Sunday, August 11, 2013

Connecting the Dots



Through more persistent Googling, I came across four more art works, all miniature sculptures, by Canadian Inuits, that should be added to Chapter 5 in the book.
For starters, you can find a miniature brown streaked light grey-stone sculpture by Bob Barnabus of Ikpiarjuk (Arctic Bay), created in 1993-1994, and entitled “Lumak (Scene from the Legend of the Blind Boy and the Loon)” at the following link:

The second and third works are Mattiusi Iyaituk’s “Legend of Lumaaq” (from the late 1980s) and also his “Lumaaq and Her Adopted Whale Baby” (n.d.).  Both are abstract pieces made from stone with wood and/or ivory inserts.  Iyaituk, born in 1950, is a Nunavik Eskimo artist from the community of Ivujivik.  The two pieces may be viewed by clicking on the following links:


The fourth work I just discovered was created by the late Thomassie Kudluk (1910-1989) of Kangirsuk/Payne Bay, on the east coast of Nunavik.  “Lumak” is held by the Art Gallery of Ontario and can be seen at:


Geographics-- I hope sometime soon to update my Map 2 (p. 98) showing where Inuit art inspired by the Blind Man and the Loon story is found, but really, adding these three communities just allows further confirmation of the story’s diasporic expansion into northeastern Canada.  Since oral variants of the Blind Man and the Loon have not yet been collected in these communities, they should be added to the list of other places with “invisible variants” (p. 96).
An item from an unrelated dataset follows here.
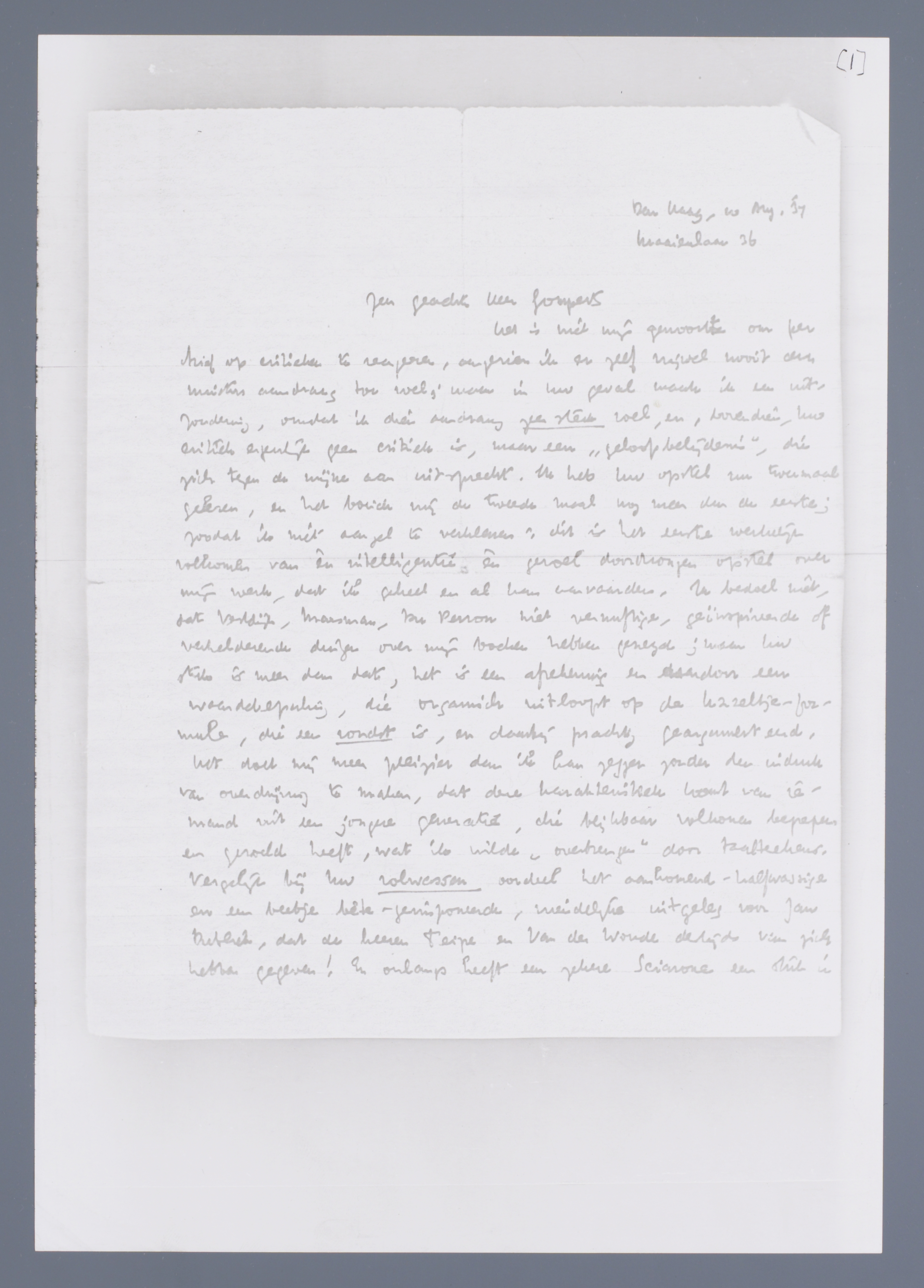 Het is niet mijn gewoonte om per brief op critieken te reageren, aangezien ik er zelf vrijwel nooit den minsten aandrang toe voel; maar in Uw geval maak ik een uitzondering, omdat ik dien aandrang zeer sterk voel, en, bovendien, Uw critiek eigenlijk geen critiek is, maar een ‘geloofsbelijdenis’, die zich tegen de mijne aan uitspreekt. Ik heb Uw opstel nu tweemaal gelezen, en het boeide mij de tweede maal nog meer dan den eerste; zoodat ik niet aarzel te verklaren: dit is het eerste werkelijk volkomen van èn intelligentie èn gevoel doorwrongen opstel over mijn werk, dat ik geheel en al kan aanvaarden. Ik bedoel niet, dat Vestdijk, Marsman, Du Perron niet vernuftige, geïnspireerde of verhelderende dingen over mijn boeken hebben gezegd; maar Uw stuk is meer dan dat, het is een afrekening en daardoor een waardebepaling, die organisch uitloopt op de Uzzeltje-formule, die een vondst is, en daarbij prachtig geargumenteerd, het doet mij meer pleizier dan ik kan zeggen zonder den indruk van overdrijving te maken, dat deze karakteristiek komt van iemand uit een jongere generatie, die blijkbaar volkomen begrepen en gevoeld heeft, wat ik wilde ‘overbrengen’ door taalteekens. Vergelijk bij Uw volwassen oordeel het aankomend-halfwassige en een beetje bête-[geponeerde], vriendelijke uitgeleg voor Jan Publiek, dat de heeren Teipe en Van der Woude destijds van zich hebben gegeven! En onlangs heeft een zekere Sciarone een stuk in Den Gulden Winckel geschreven, dat veel beter was, maar ook nog zoo braaf-adoreerend. Dat alles geeft iemand het misselijke vermoeden van in de toekomst even critiekloos tot autoriteit te zullen worden verklaard als nu door de Mij. der Ned. Letterk. te worden beschoolmeesterd; tusschen beide zaken is geen verschil. Ik zie aankomen, dat ik binnen vijf jaar verschillende oude standbeelden omver zal hebben gepraat, en dan zelf tot standbeeld zal worden verheven; op dat schouwspel verheug ik mij niet bepaald. Mijn werk heeft deze autorisatie achteraf niet noodig; het is alleen geschreven om ‘ontmoetingen’ uit te lokken, zooals die met U. Honderdmaal meer dan welke erkenning ook door autoriteiten en nutslezers is mij waard één zin van U: ‘hier heeft iemand... géén verraad aan zijn jeugd gepleegd’. Voor deze éénen zin geef ik weer minstens één jaar van misverstand, vechten tegen vele bierkaaien en vriendelijke schouderklopjes cadeau. Dat is een groote lof, die U mij daar ‘toezwaait’. Ik herinner mij nog, dat ik in mijn P.C.-tijd herhaaldelijk die desertie, waarvan U spreekt, heb waargenomen bij de generatie, die toen zoo oud was als ik nu, en soms benauwde mij het gevoel, dat dit deserteeren op een biologische onontkoombaarheid leek. Ik rilde, als ik eraan dacht, dat ook ik zulk een verrader zou moeten worden, blijkbaar. Uw verzekering is daarom voor mij niet alleen de kern van Uw artikel, maar ook de eenige ridderorde, die ik verlang.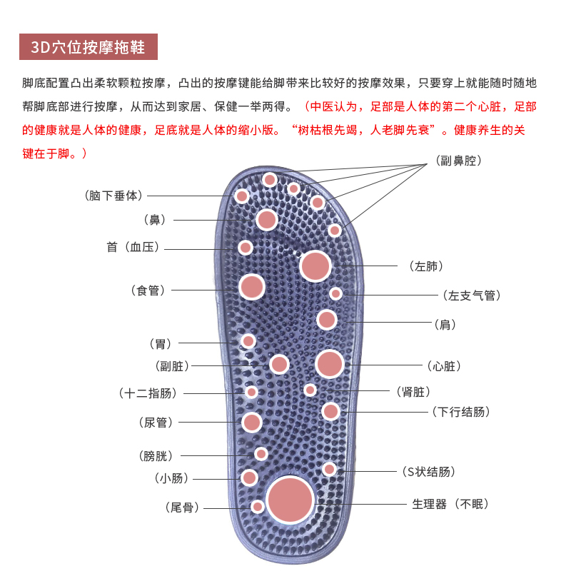 浴室内防滑家用夏季 穴位足底按摩凉拖鞋 男拖 女脚底足疗鞋 按摩拖鞋

The Ivujivik and Kangirsuk-Payne Bay sculptures stem from logical connections between other nearby Nunavik peninsula artistic communities and increase its density and popularity there.
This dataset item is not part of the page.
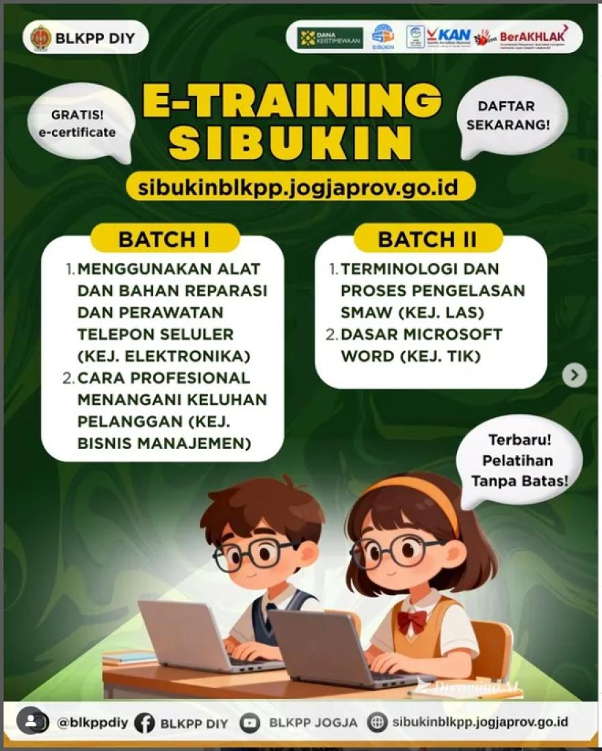 PENDAFTARAN E-TRAINING SIBUKIN BLKPP DIY Batch I dan II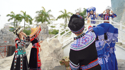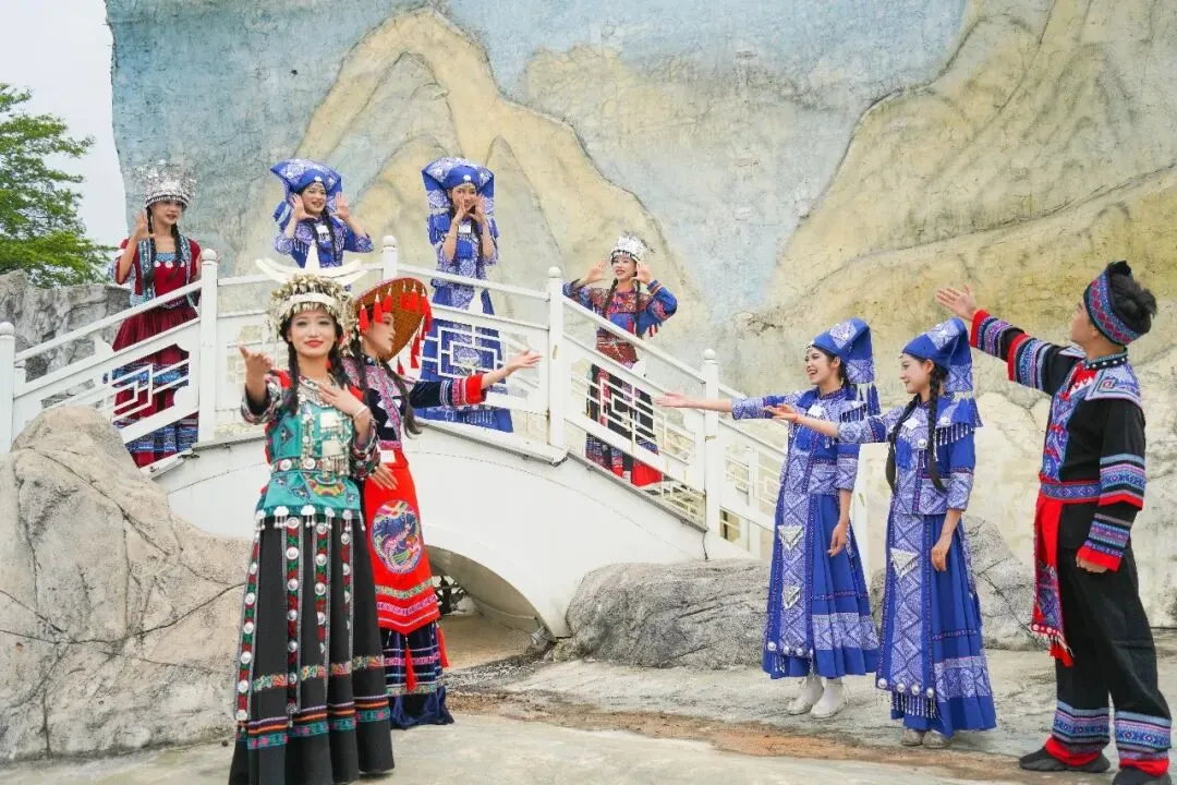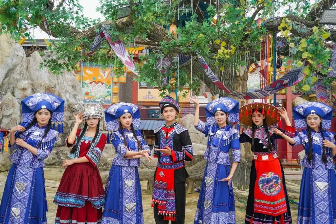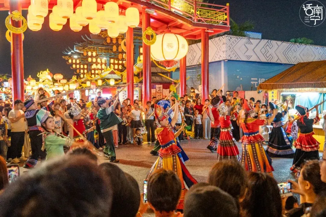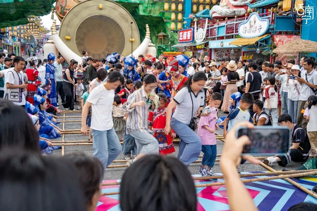 此外,每天还有民族快闪舞轮番上演,《花样竹竿舞》、《壮家敬酒歌》、《山歌迎客来》、《钱鞭舞》......欢歌热舞开启曼妙时光。

Even more interesting is the Barnabus piece.  Barnabus’s village of Ikpiarjuk is located on the northern end of Baffin Island, helps us see a pathway between Iglulik and Anjuittuq-Grise Fiord and thereby plots out the tale’s hypothetical dramatic northward expansion towards Greenland in Map 1 (p. 9).  This all goes back to my perspective in the book that storytelling can be understood as cartography (p. 154).